Inferring What's Out There: Probabilistic Reasoning about Unknown Objects

Intelligent systems must make inferences about the objects in their world, such as the vehicles on a road monitored by video cameras, or the people and events mentioned in a set of documents. This set of objects is seldom known in advance; instead, the system must hypothesize objects that explain its observations. Such tasks can be formalized naturally as probabilistic inference problems. However, they pose challenges for standard modeling formalisms such as Bayesian networks, which assume a fixed set of random variables with fixed dependencies.

This talk will describe a set of techniques for probabilistic reasoning about initially unknown objects. I will present a modeling language called Bayesian logic, or BLOG, for defining prior distributions over "possible worlds" with varying sets of objects.

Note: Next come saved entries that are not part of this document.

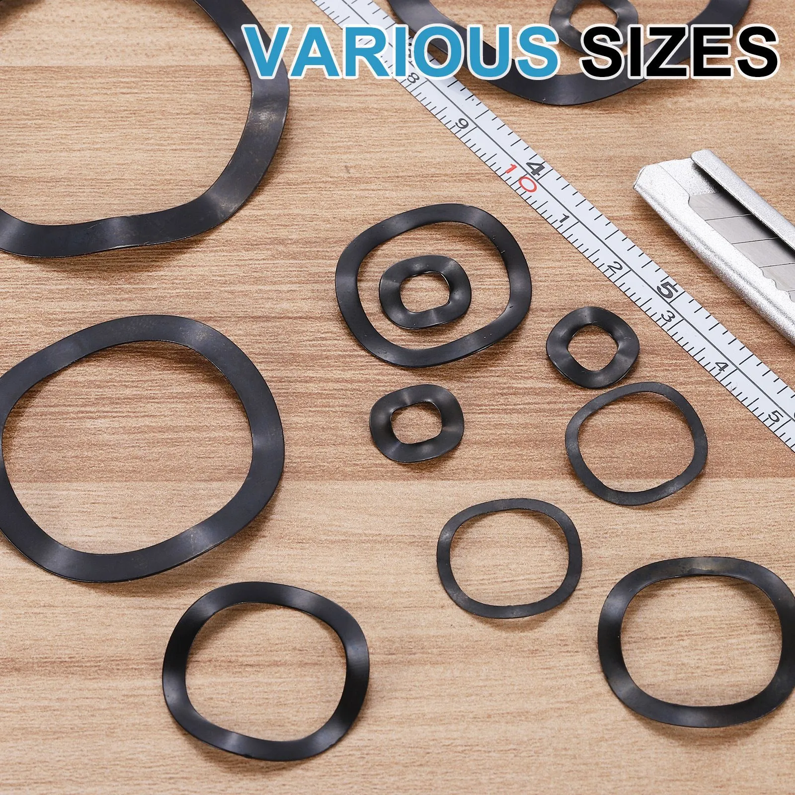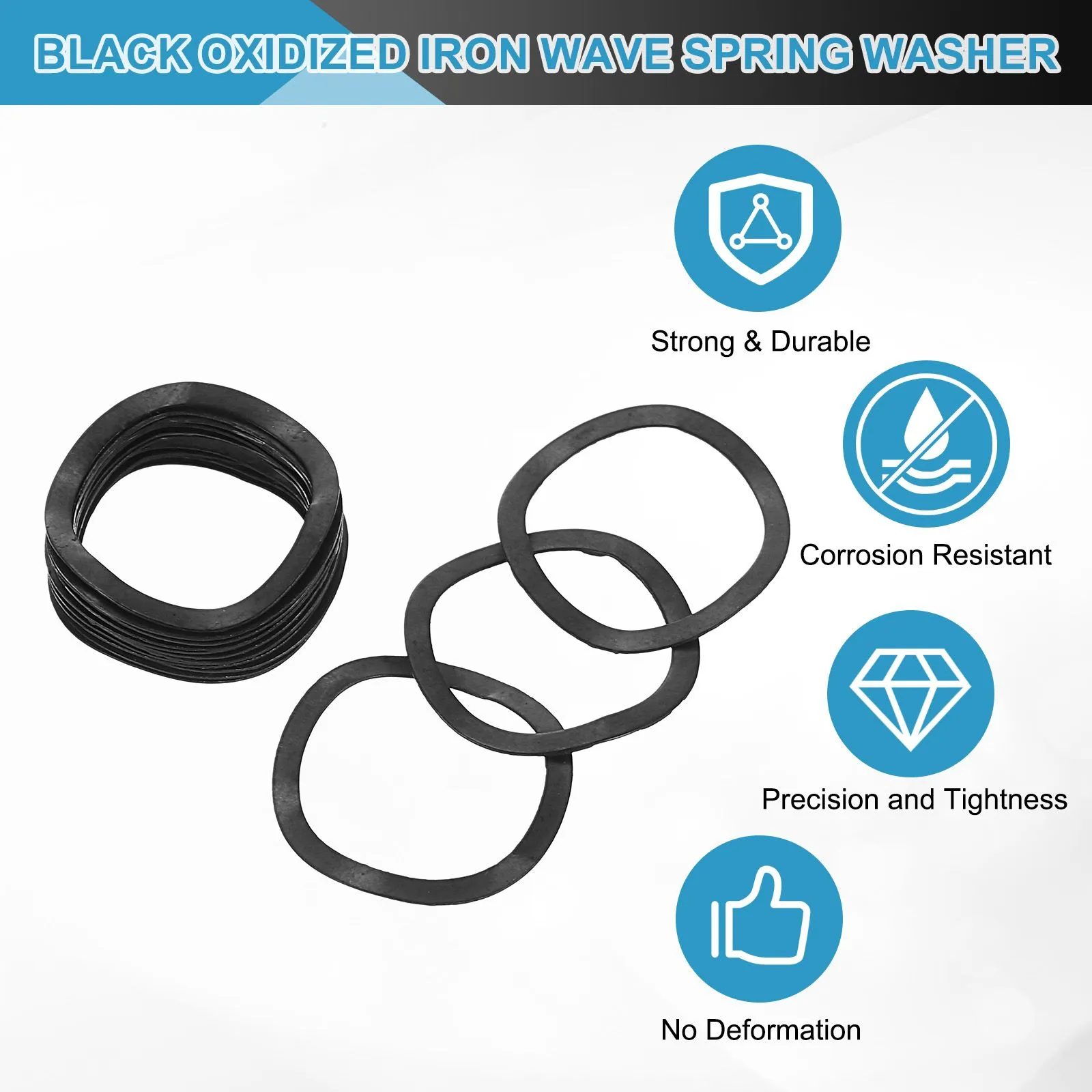 良質な素材:良質なアイアン黒素材から作られたウェーブスプリングワッシャーは耐食性を提供し、軽量で錆や摩耗に強く、強度と精度を向上させます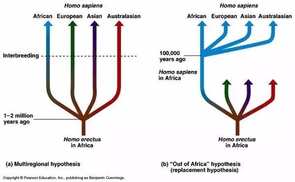 左边这张图表明多地区起源说:各地的直立人在各地演化成了智人。右边这张图是单起源说,走出非洲说:来源于一支非洲的直立人演化成了智人,而其他的直立人已经消失掉了。通过分析发现,直立人中的尼安德特人基因很少部分渗入智人基因组中,这个事实其实已经基本可以认定第二种学说是对的。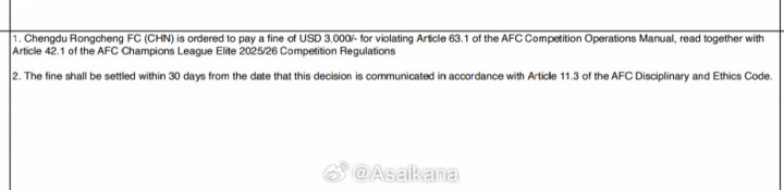 亞足聯(lián)紀律委員會(huì )對成都蓉城處以罰款3000美元的罰款。原因為在今年亞冠精英聯(lián)賽附加賽的比賽中未能按時(shí)清空體育場(chǎng)的商業(yè)標識。根據亞冠精英聯(lián)賽規程和亞足聯(lián)賽事操作手冊規定,承辦賽區必須在賽前2天將體育場(chǎng)范圍內未經(jīng)亞足聯(lián)授權的商業(yè)標識進(jìn)行清理、移除、遮擋,以確保亞足聯(lián)及其賽事贊助商的商業(yè)權利,如未能在規定時(shí)間內交付清理后的體育場(chǎng),則會(huì )被亞足聯(lián)實(shí)施罰款處罰。
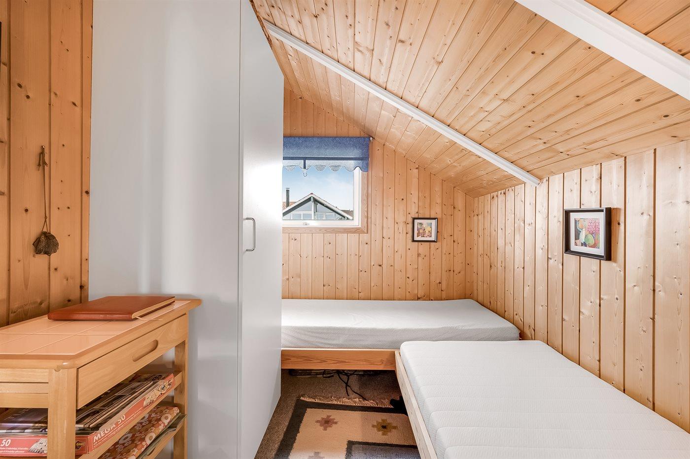 Die Schlafplätze verteilen sich auf 2 Schlafräume. 2 Schlafplätze in einem Doppelbett. 2 Schlafplätze in Einzelbetten.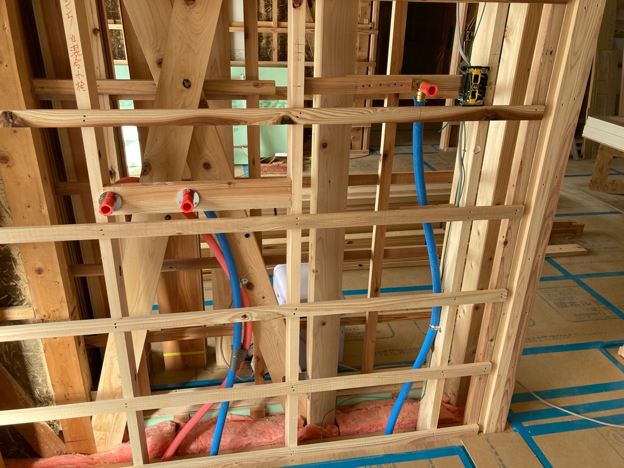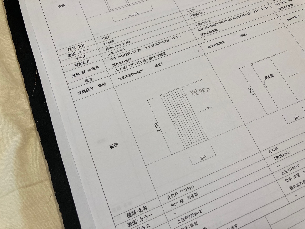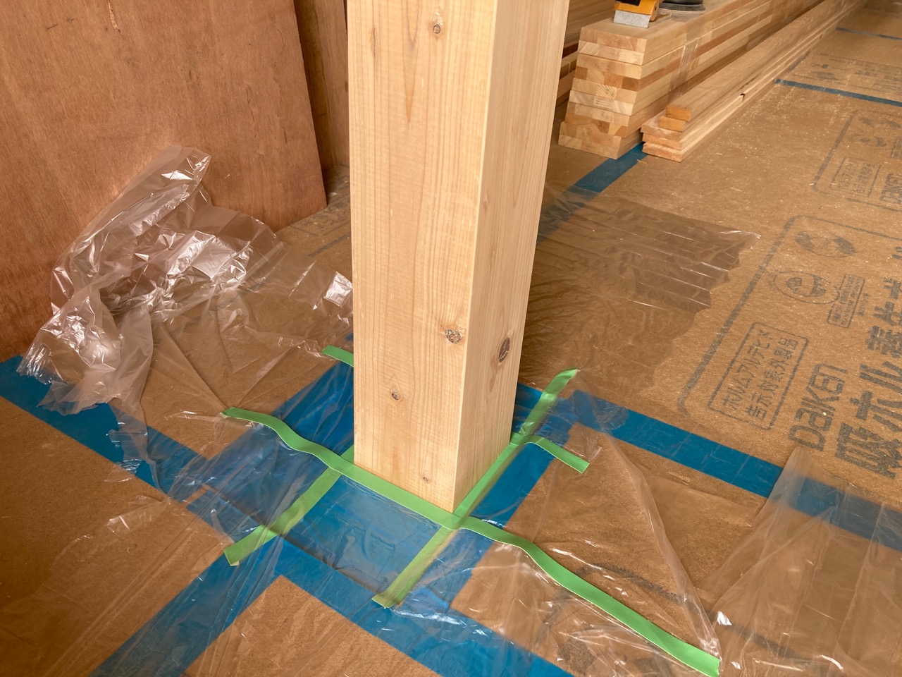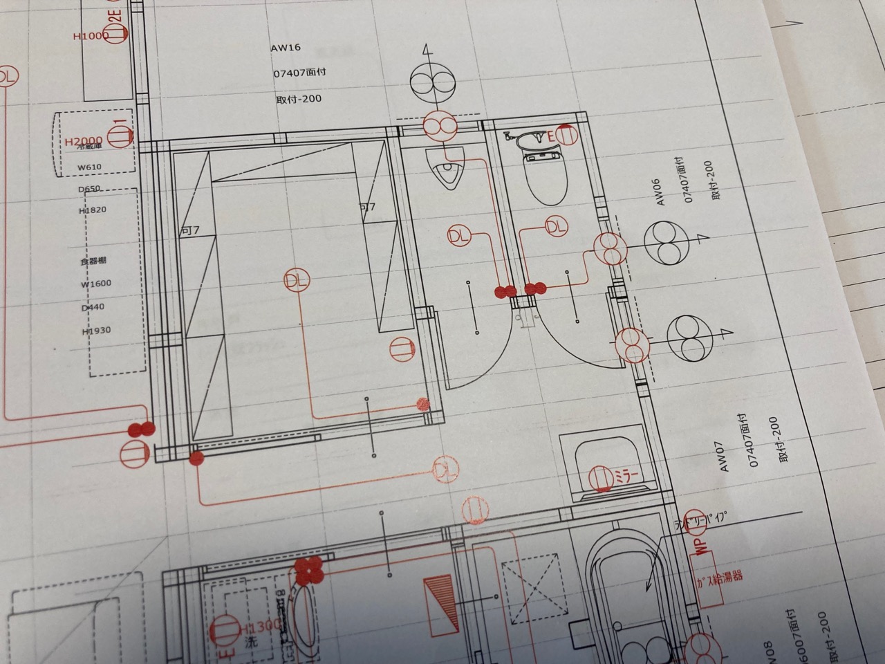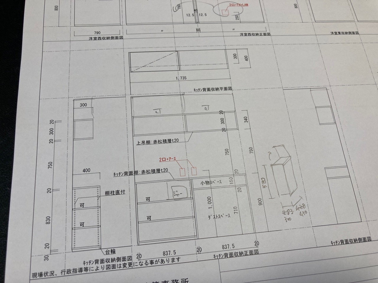 新築と同様、後で取り付けたい部品がある部分には事前に下地を入れておいてもらいます。入れたい部分にマジックで記入をしておきます。

Every BLOG model that satisfies certain conditions is guaranteed to fully specify a distribution, even if it defines infinitely many random variables. I will then describe a Markov chain Monte Carlo algorithm for performing inference on BLOG models. This algorithm is novel in that it does a random walk not over fully specified possible worlds, but over partial world descriptions that instantiate only the relevant variables. I will describe an application of this algorithm to citation matching: identifying the distinct publications referred to by a set of citation strings extracted from online papers. I will conclude with an application of similar ideas to Bayesian model learning, where the structures we are reasoning about are themselves probabilistic models with varying numbers of dependency rules.